> **Task directions**:
Find the line that contains "وتختلف مشتقات المضاد" in the records below, then repeat exactly that line and each one after it, leaving pictures out.

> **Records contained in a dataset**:

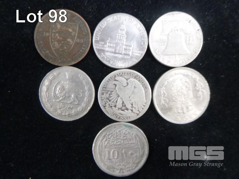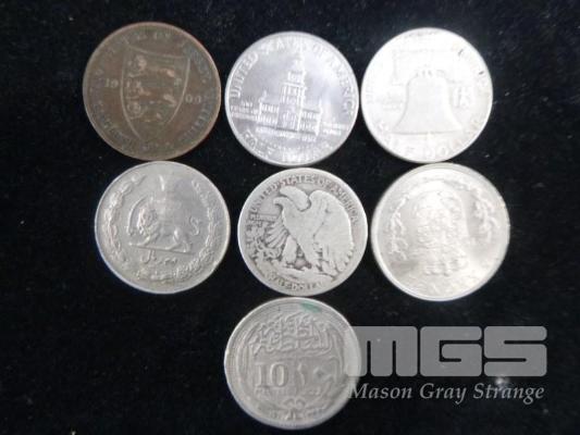 7 X WORLD COINS INC 3 X USA HALF DOLLARS 1917,1954 & 1976 200 YEARS OF FREEDOM, 5 KRONE, MIDDLE EASTERN ETC
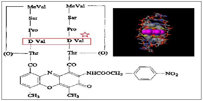 وتختلف مشتقات المضاد في المجاميع او الحزيئات التي يمكن ان تحل محل D-Val، وتنتج من قبل Streptomyces chrysomallus وS. antibioticus وقد أنتج حوالي 30 نوعاً ، وآلية عملها تكون بانحشارها في أشرطة DNA خصوصاً في المناطق الغنية ب GC كما موضح في الشكل اعلاه (الجانب الايمن) مؤدية إلى غلق عمليات تضاعف المواد النووية وبذلك فهي سامة جداً لذا يكون استعمالها محدد جداً ، ولكن يستعمل المضاد Actinomycin C معالجة بعض الأورام السرطانية تحت سيطرة مشددة.
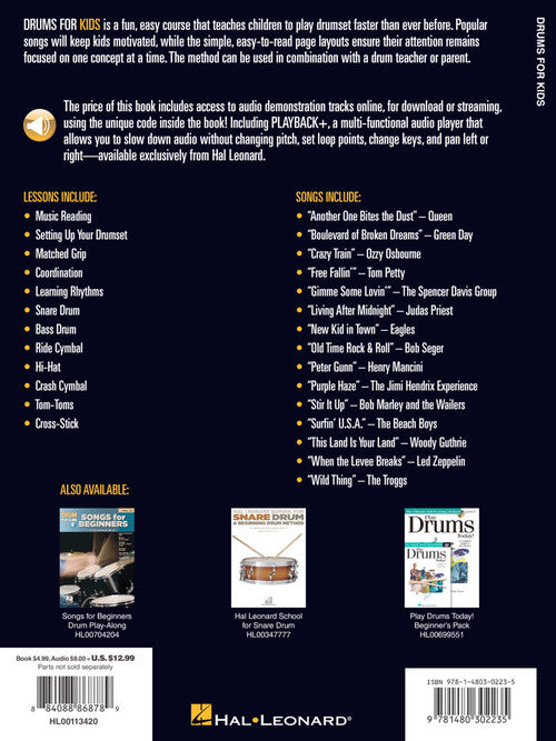 Author: Various Hal Leonard Drums for Kids A Beginner's Guide with Step-by-Step Instruction for Drumset Softcover Audio Online Drums for Kids is a fun, easy course that teaches children to play drumset faster than ever before....Regular price $17.99
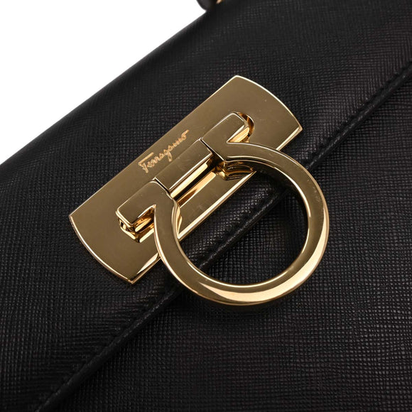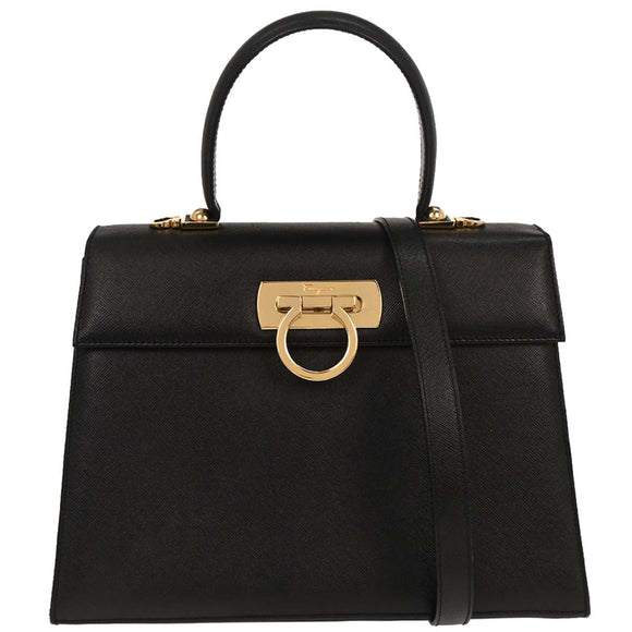 Salvatore Ferragamo Black Gancini 2way Shoulder Handbag
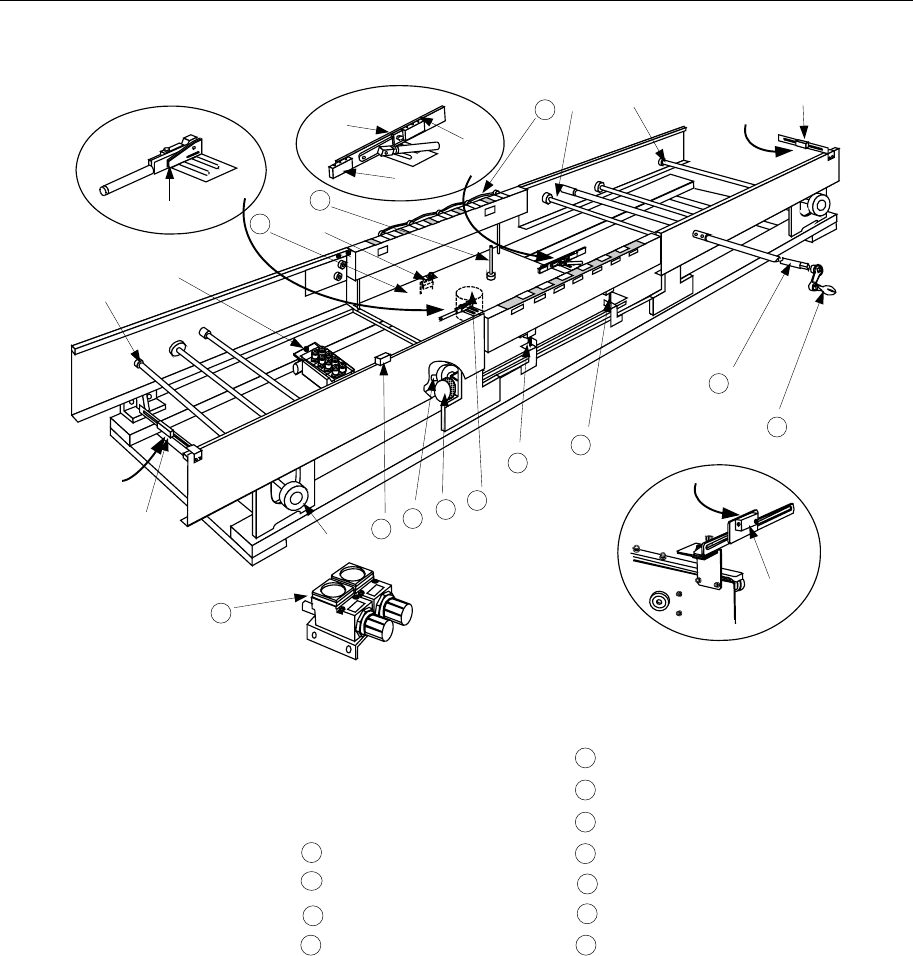 第 1 部 基本编 第 1 章 设备概要 1-8 1-2-1-1 基板传送部分的构造 ★ ★ ★ 图 1-2-1-4 基板传送 ① 搬入传感器 ⑧ 驱动轴 夹杆 Y(外形基准用) ② 搬出传感器 ⑨ 停止挡销 减压阀(外形基准用) ③ 停止传感器 ⑩ 夹杆 X(外形基准用) 等待传感器 ④ C-OUT 传感器 定心销 调节手柄 ⑤ 支撑台原点传感器 支撑台 调节停止挡销 ⑥ 传送电磁阀 马达 调整杆 ⑦ 传送马达 支撑销 手柄 ⑨ ② …
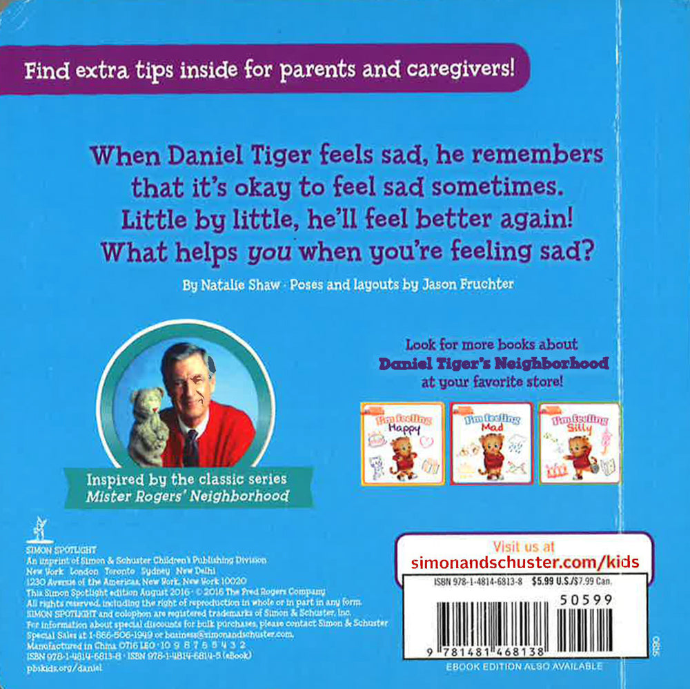 A new generation of children love Daniel Tiger's Neighborhood, inspired by the classic series Mister Rogers' Neighborhood! What makes Daniel Tiger feel sad? Find out in this chunky board book that's part of a new Daniel Tiger's Neighborhood feelings subseries. It's okay to feel sad sometimes, little by little, you'll feel better again. Everyone feels sad sometimes, even Daniel Tiger. When he feels sad, he remembers that it's okay to feel that way. Soon, he'll feel better! Come along with Daniel as he and his friends learn how to deal with their feelings. This adorable book includes tips for parents and caregivers to help guide little ones through their emotions. Look for the companion titles, I'm Feeling Mad, I'm Feeling Happy, and I'm Feeling Silly! (c) 2016 The Fred Rogers Company.
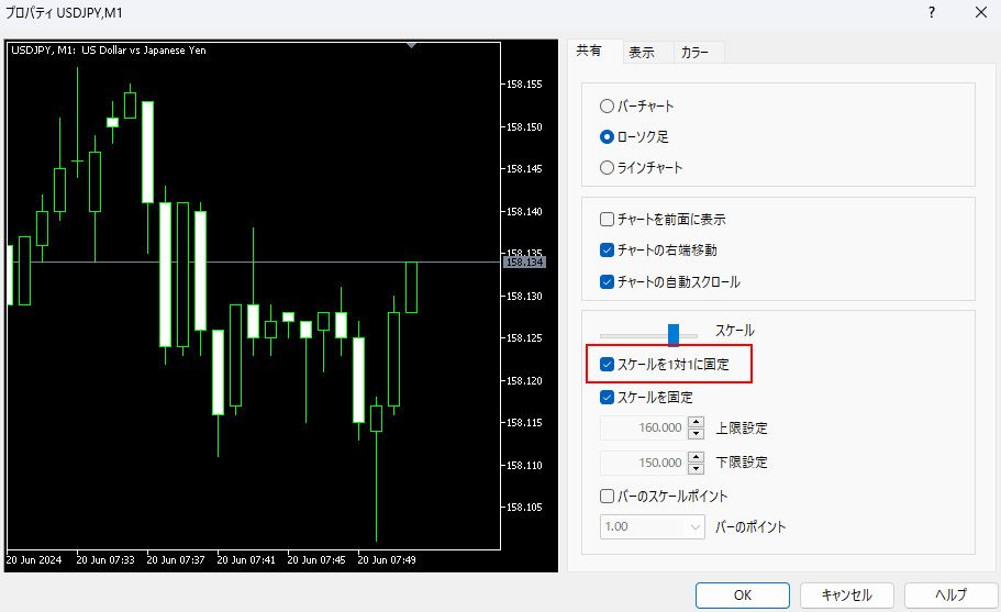「プロパティ」画面の「共有」タブ内のスケールを1対1に固定にチェックを入れるとチャートの横軸(時間)と縦軸(価格)が1対1の比率で固定されます。
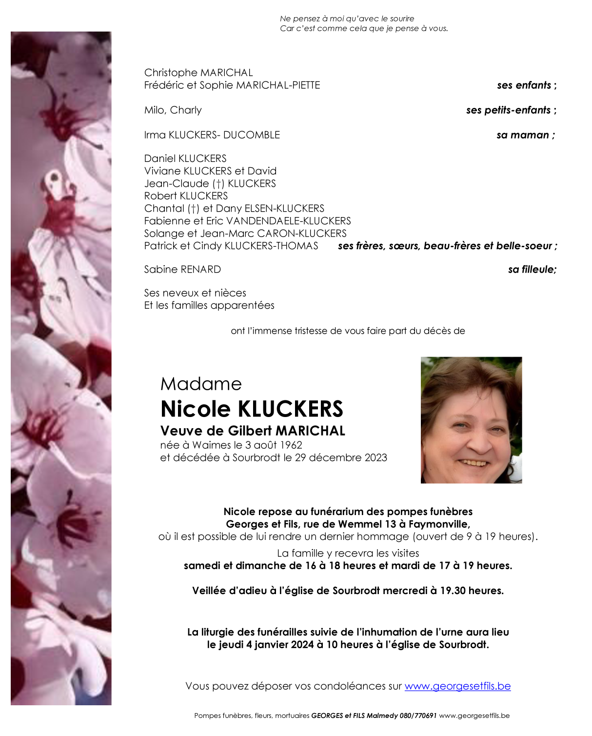 Décédée à Sourbrodt (4950) le vendredi 29 décembre 2023 à l'âge de 61 ans
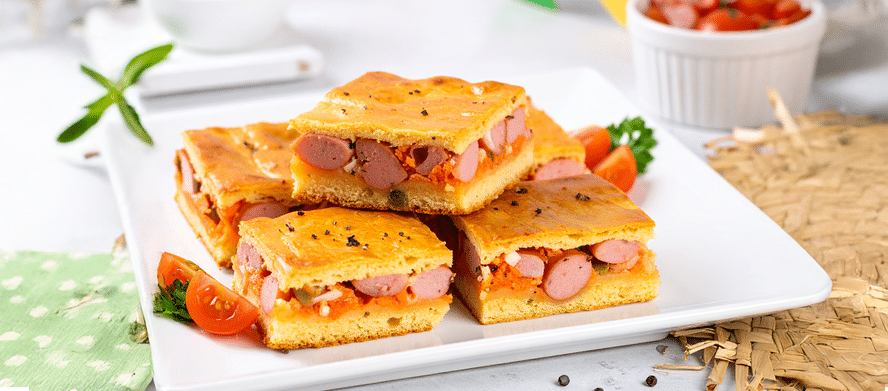 Despeje metade da massa na forma, espalhe o recheio de salsicha e cubra com o restante da massa.

> **Task result**:
 وتختلف مشتقات المضاد في المجاميع او الحزيئات التي يمكن ان تحل محل D-Val، وتنتج من قبل Streptomyces chrysomallus وS. antibioticus وقد أنتج حوالي 30 نوعاً ، وآلية عملها تكون بانحشارها في أشرطة DNA خصوصاً في المناطق الغنية ب GC كما موضح في الشكل اعلاه (الجانب الايمن) مؤدية إلى غلق عمليات تضاعف المواد النووية وبذلك فهي سامة جداً لذا يكون استعمالها محدد جداً ، ولكن يستعمل المضاد Actinomycin C معالجة بعض الأورام السرطانية تحت سيطرة مشددة.
 Author: Various Hal Leonard Drums for Kids A Beginner's Guide with Step-by-Step Instruction for Drumset Softcover Audio Online Drums for Kids is a fun, easy course that teaches children to play drumset faster than ever before....Regular price $17.99
 Salvatore Ferragamo Black Gancini 2way Shoulder Handbag
 第 1 部 基本编 第 1 章 设备概要 1-8 1-2-1-1 基板传送部分的构造 ★ ★ ★ 图 1-2-1-4 基板传送 ① 搬入传感器 ⑧ 驱动轴 夹杆 Y(外形基准用) ② 搬出传感器 ⑨ 停止挡销 减压阀(外形基准用) ③ 停止传感器 ⑩ 夹杆 X(外形基准用) 等待传感器 ④ C-OUT 传感器 定心销 调节手柄 ⑤ 支撑台原点传感器 支撑台 调节停止挡销 ⑥ 传送电磁阀 马达 调整杆 ⑦ 传送马达 支撑销 手柄 ⑨ ② …
 A new generation of children love Daniel Tiger's Neighborhood, inspired by the classic series Mister Rogers' Neighborhood! What makes Daniel Tiger feel sad? Find out in this chunky board book that's part of a new Daniel Tiger's Neighborhood feelings subseries. It's okay to feel sad sometimes, little by little, you'll feel better again. Everyone feels sad sometimes, even Daniel Tiger. When he feels sad, he remembers that it's okay to feel that way. Soon, he'll feel better! Come along with Daniel as he and his friends learn how to deal with their feelings. This adorable book includes tips for parents and caregivers to help guide little ones through their emotions. Look for the companion titles, I'm Feeling Mad, I'm Feeling Happy, and I'm Feeling Silly! (c) 2016 The Fred Rogers Company.
「プロパティ」画面の「共有」タブ内のスケールを1対1に固定にチェックを入れるとチャートの横軸(時間)と縦軸(価格)が1対1の比率で固定されます。
 Décédée à Sourbrodt (4950) le vendredi 29 décembre 2023 à l'âge de 61 ans
 Despeje metade da massa na forma, espalhe o recheio de salsicha e cubra com o restante da massa.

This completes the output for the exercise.